You've probably heard us said in past earnings that in parallel to our growth efforts, our success is heavily dependent on the continued improvement of the fundamentals, think of it as sort of the foundational rails that company operates on, and I believe we made real progress in that category in 2020.

Slide four gives a bit of recognition from a few of our industry analysts, who have also see that our hard work is really paying off here. In my remarks today, as always, I'll review the high level financials as well as the sales and operational performance in 2020. As a follow-up to previous earnings conversations, I'll also quickly touch on a new key performance indicator which will replace what we previously reported as renewal rate. The new metric will represent the net annual recurring revenue impact from the previous 12 months of sales and retention activities. I'll also discuss what we set out to do in 2020, the results from those efforts and what we intend to get done in 2021.

Now let's turn to slide five to get started. 2020 turned out to be a strong year, both revenue and adjusted EBITDA came in higher than our pre-COVID expectations and in line with the outlook that we gave on our Q3 call back in November. 2020 revenue was $4.16 billion and adjusted EBITDA was $480 million, equating to a margin of 11.5% for the year.

Now I'll note that Q4 was a particularly strong quarter. We achieved revenue of just over $1 billion and an adjusted EBITDA margin of 12.6%. Looking at the 2020 results, excluding the impact of COVID, revenue would have declined 4.1% in 2020 and Q4 revenue would have declined just 0.5% compared to 2019. And as you may recall a year ago, the revenue decline was expected to be much larger.

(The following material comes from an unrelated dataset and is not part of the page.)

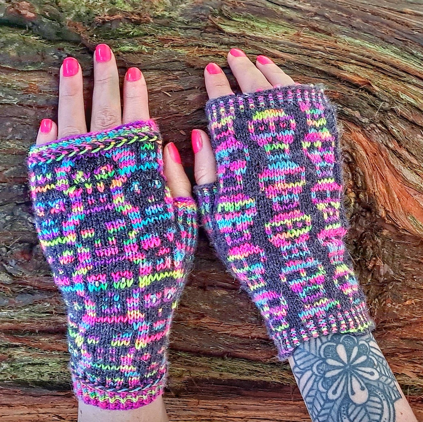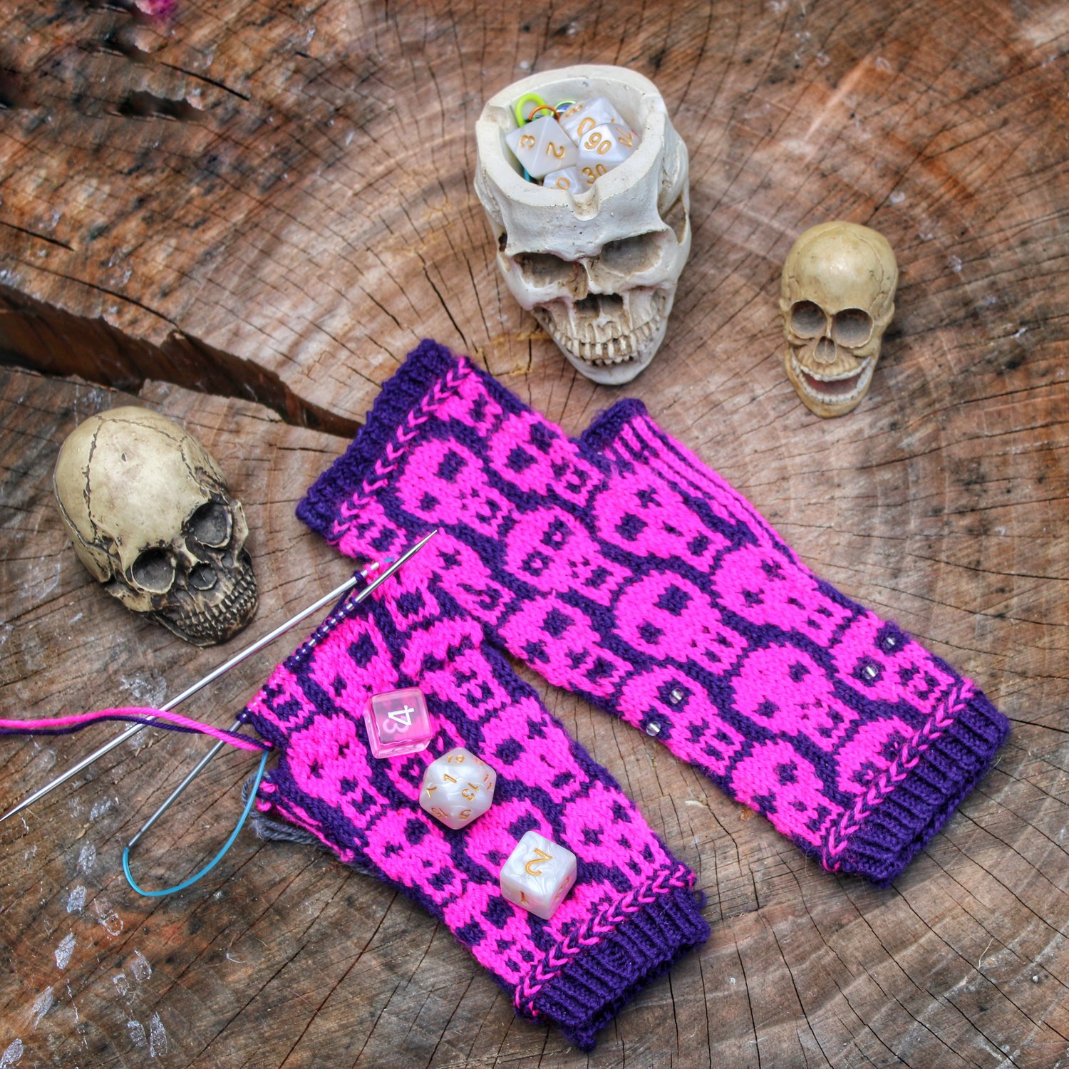 Roll for Skull Gloves are part of the Adventure Series: Featuring fun dice games to randomise your knitting and create unique gothic knitwear.

What we've seen in the marketplace is that the global business services market has experienced a lot of activity over the last few quarters.

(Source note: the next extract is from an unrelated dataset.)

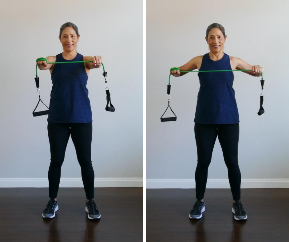 Hold band at chest level shoulder width apart with no tension

Clients are shifting work to global providers, especially those who've been able to deliver in a secure and remote environment. We're certainly taking advantage of that in our sales efforts. Peaking at sales, we ended the year at $1.9 billion in TCV signings, well above our initial target of $1.6 billion for the year.

Now let's turn to slide six to discuss that growth and that retention in more detail. Q4 new business TCV signings were $519 million and the $1.9 billion in full year signings, I just mentioned, represents an increase of 94% compared to full year 2019. 2020 ARR signings were $353 million, an increase of 26% compared to 2019. And regarding the new business mix, we had a healthy variation in signings this year, with progress made in all of our segments.

Let me give you just a few examples of the types of deals we signed in the fourth quarter. In our commercial business, we signed a contract with a very large healthcare client in the payer space to expand our payment integrity offer to a new division for them. In the government space, we signed an expansion deal with the California Department of Child Support Services to provide Digital Payment Administration Services. And in the transportation segment, the Republic of Cypress has selected us to provide the end-to-end installation of photo enforcement systems. While we historically have been very strong in the transit space in Europe, we're pleased to be able to expand our offerings in public safety.

As previously mentioned, we give a little more context around net new business as a replacement for renewal rate. In addition to showing sales TCV and ARR for the quarter, we give a more holistic indication of anticipated forward annual recurring revenue on a net basis. The net ARR activity number provides the net ARR from trailing 12 months of sales, won and lost revenue from renewals, including price changes and newly contracted volume changes, all of which should be realized in the P&L over time.

Now as you can see from the chart, in Q4, the trailing 12 months of activity resulted in $60 million in anticipated net new revenue. The number does not predict the timing of that revenue and is only a directional indication that we are selling and retaining more than we are losing in any given trailing 12 months.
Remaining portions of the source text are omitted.